Regulators in the USA will make a decision whether to finally approve Bristol-Myers Squibb and Pfizer’s bloodthinner Eliquis for stroke prevention by St Patrick’s Day next year.
In June, the US issued a complete response letter for Eliquis (apixaban) for the prevention of stroke and systemic embolism in patients with nonvalvular atrial fibrillation. In the CRL, the agency requested additional information on data management and verification from Pfizer and B-MS’ 18,201-patient Phase III study, called Aristotle, but no new studies were required.

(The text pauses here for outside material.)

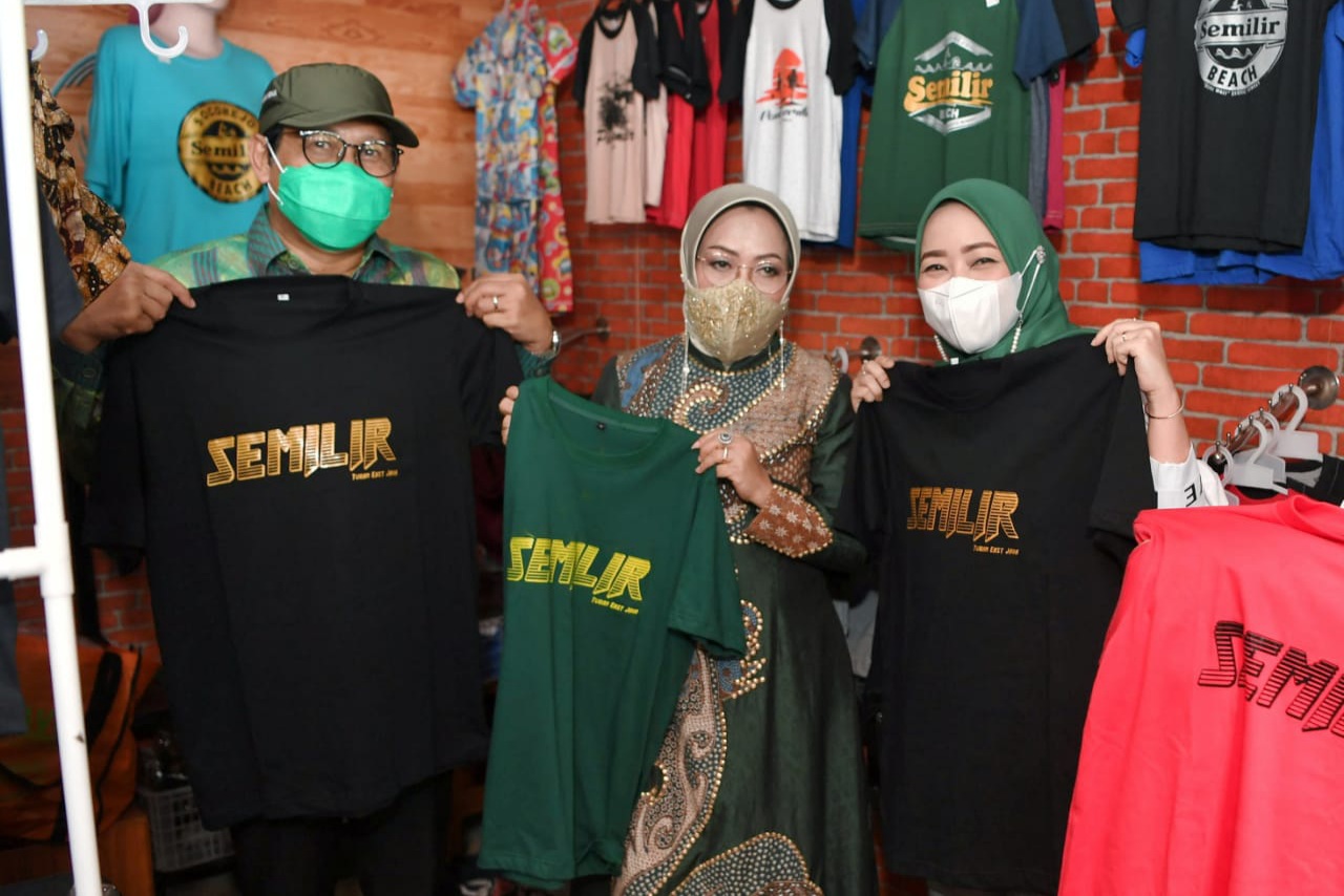 Seusai berbicara, Gus Menteri ditemani Fauzan Fuadi menyambangi satu persatu outlet yang berdagang di Pantai Semilir ini.

Now the companies say the FDA has accepted the resubmission of data and assigned a new Prescription Drug User Fee Act goal date of March 17, 2013. The move comes less than a week after the European Medicines Agency’s Committee for Medicinal Products for Human Use recommended the authorisation of Eliquis in the stroke/AF indication; the drug was approved in Europe for the prevention of venous thromboembolic events in adults who have undergone elective hip or knee replacement surgery in May 2011.
If Pfizer and B-MS gets the US thumbs-up, it will compute with two new bloodthinners for stroke – Boehringer Ingelheim’s Pradaxa (dabigatran) and Bayer/Johnson & Johnson’s Xarelto (rivaroxaban), which like Eliquis is an oral Factor Xa inhibitor. Despite getting to market later than these two drugs, many analysts believe Eliquis, with its strong efficacy and safety profile, notably regarding bleeding episodes, will become the best-in-class product.